Almost-relationships are the plague of our generation. You already knew that. I thought I could be the exception to the rule, the girl that got the guy by changing his mind, but I was just the rule. He was an accident, but accidents happen. Bet you already knew that, too.
Because the thing about almost-relationships is they hardly ever start out intending to be almost-relationships. They start out as really good f*cks, which leads to persistent f*cking (because you can never have too much of a good thing), which leads to spending almost all your time with someone who used to want to make you die.
Complacency becomes comfortability. Sex replaces loneliness. And I didn't want to be alone.
I encourage people to have f*ck buddies. You're only young once, I tell them. Do it before you shrivel up, settle down and get boring. And I stand by that. But if you're someone who cares too much and loves too hard, you'd be better off sexless, albeit on your own.
So I ended it with my f*ck buddy. His persistence-turned-disinterest taught me something: The chase isn't worth the crash. I'll still flirt. I'll still go home with strangers. I'll still sit in the back of an Uber and exchange numbers with the guy I'm pooling with for the night -- but I'm also swearing off almost-relationships for good. Being almost-loved hurts more than not being loved at all. Being in a casual relationship gave me only stress.

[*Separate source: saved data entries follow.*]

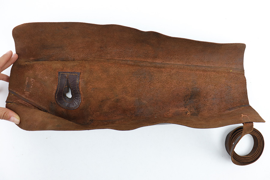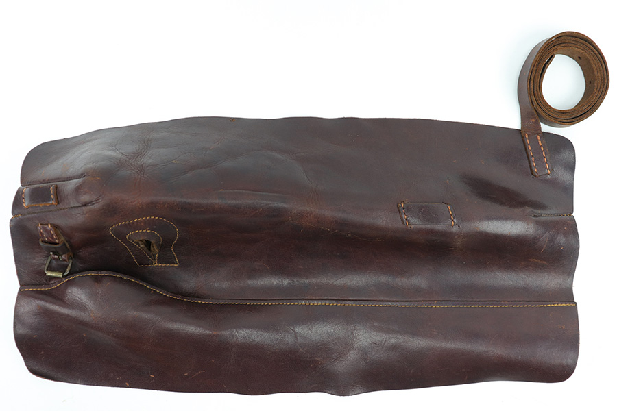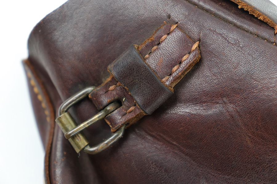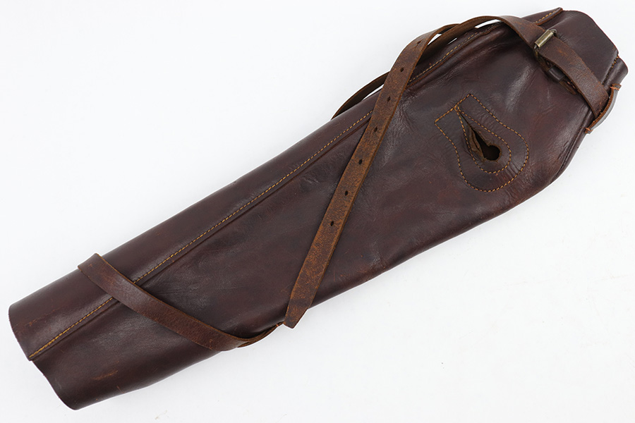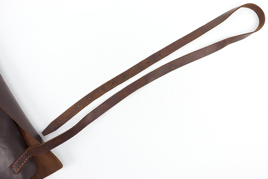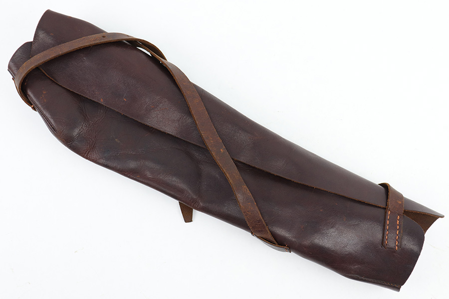 4/7/23 – This is an unmarked leather K98 action cover. The leather is soft and pliable and shows natural signs of aging such as light surface wrinkling and mild scuffs as well as light wrinkling on the leather strap. The closure clasp is nonmagnetic brass and has an aged look. This could possibly be pre WW2 production due to style and condition, but there are no markings to confirm this. Excellent stitching throughout.
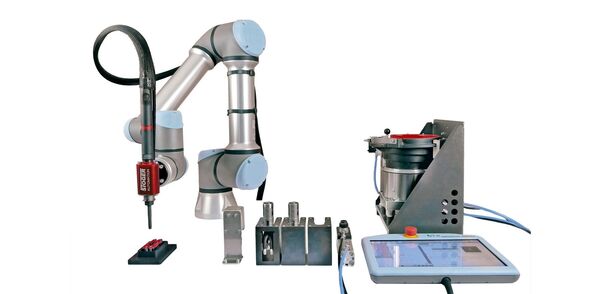 Eine Vielzahl der neuen Anwendungssets, wie z.B. der Pick-&-Place-Schraubsatz von Spatz - Stöger, besteht aus mehreren UR+-zertifizierten Lösungen, die über einen einzigen URCap gesteuert werden. Das Spatz – Stöger-Schraubset enthält sieben verschiedene UR+ Komponenten, die einen automatischen Werkzeugwechsel und eine Zuführung von Verbindungselementen durch ein Pick-&-Place-System ermöglichen.
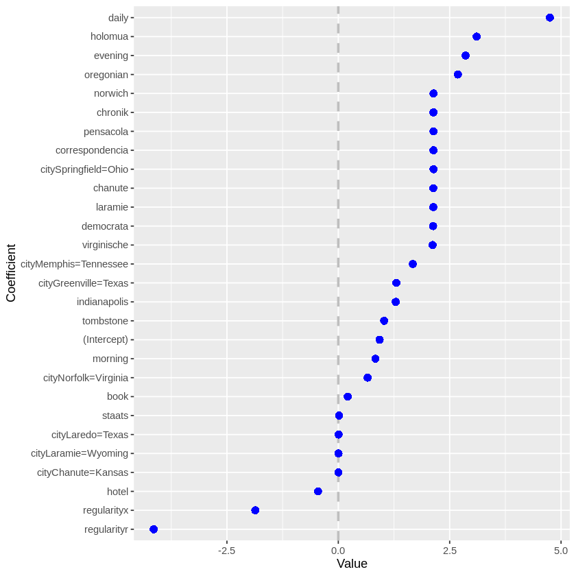 Although the primary purpose of this predictive model is to correct for sampling bias, we can still observe some patterns in model coefficients. The African-American and non-English features are positive, suggesting that these papers are more likely, all else being equal, to be published on single sheets. Not surprisingly, papers with a quartly, monthly, semimonthly, and other less frequent publication schedule are less likely to be single-sheet issues, as suggested by the negative regression coefficients. Publication in New York is negatively correlated with single-sheet publication, while publication in Nevada is positively correlated.
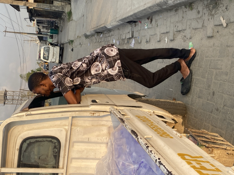 A man wearing a patterned shirt and dark pants stands atop a white truck. He bends over, looking into the truck's cabin. The vehicle appears to be in a state of disrepair. The street is visible in the background, showing a curb and some litter, as well as another truck parked further down. Overhead power lines are also visible.
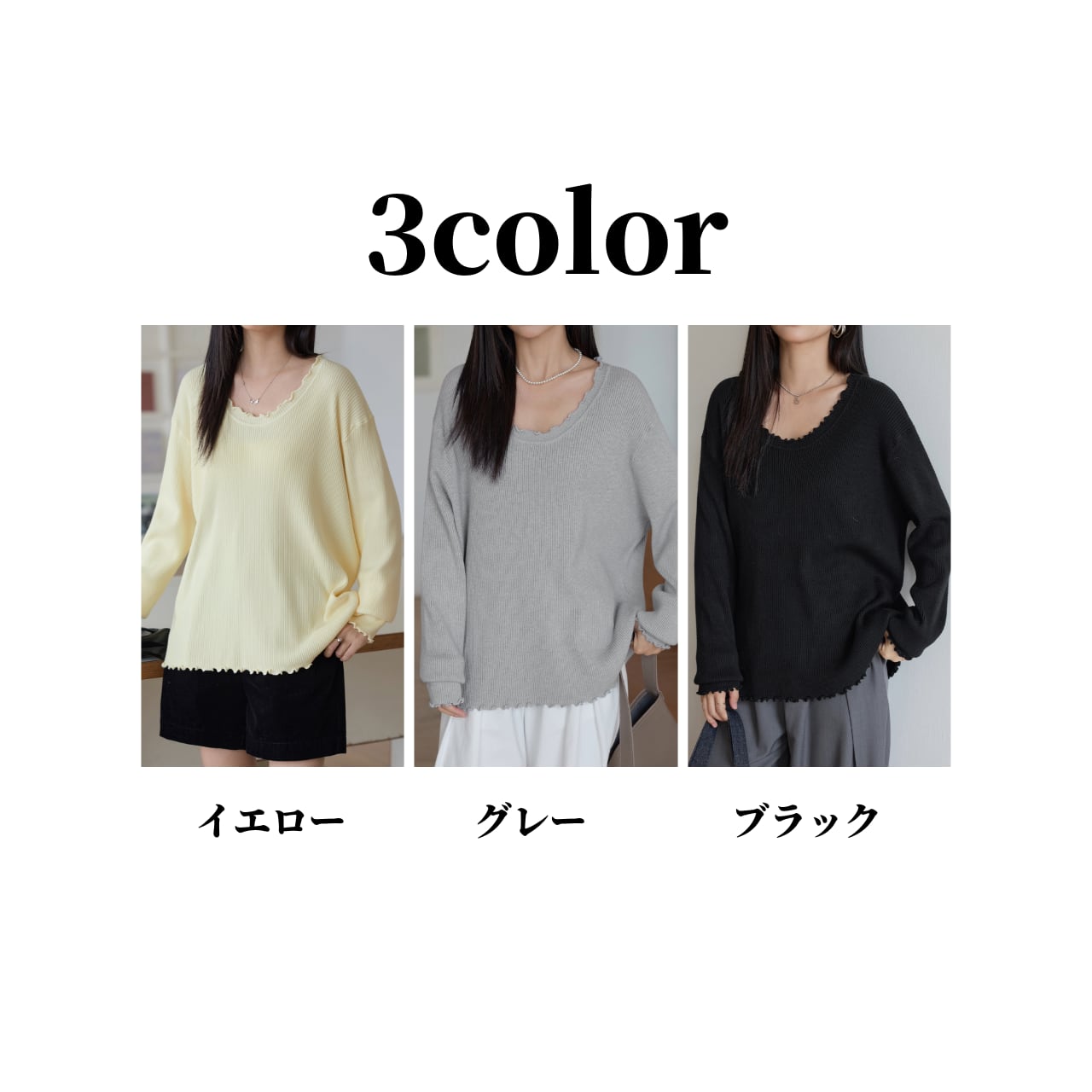 メロウフリルVネックオーバーサイズニット(3color) KT3525

Because all those almost-relationship moments aren't real moments. They're illusions. For every moment he spends letting you in, he'll spend three pushing you away, and then you'll realize that just because he shared all those little moments being vulnerable with you doesn't mean that he wanted to make those moments his and yours. They were only his. You didn't want anything, but then he f*cking found you, and there were two of you, and you noticed you missed being one-half of a twosome, but you two were never a "we" and no moment was ever an "ours."
And one day, while texting him to “come f*ck me,” you'll stop mid-sentence and realize you kind of respect what it means to call something "ours."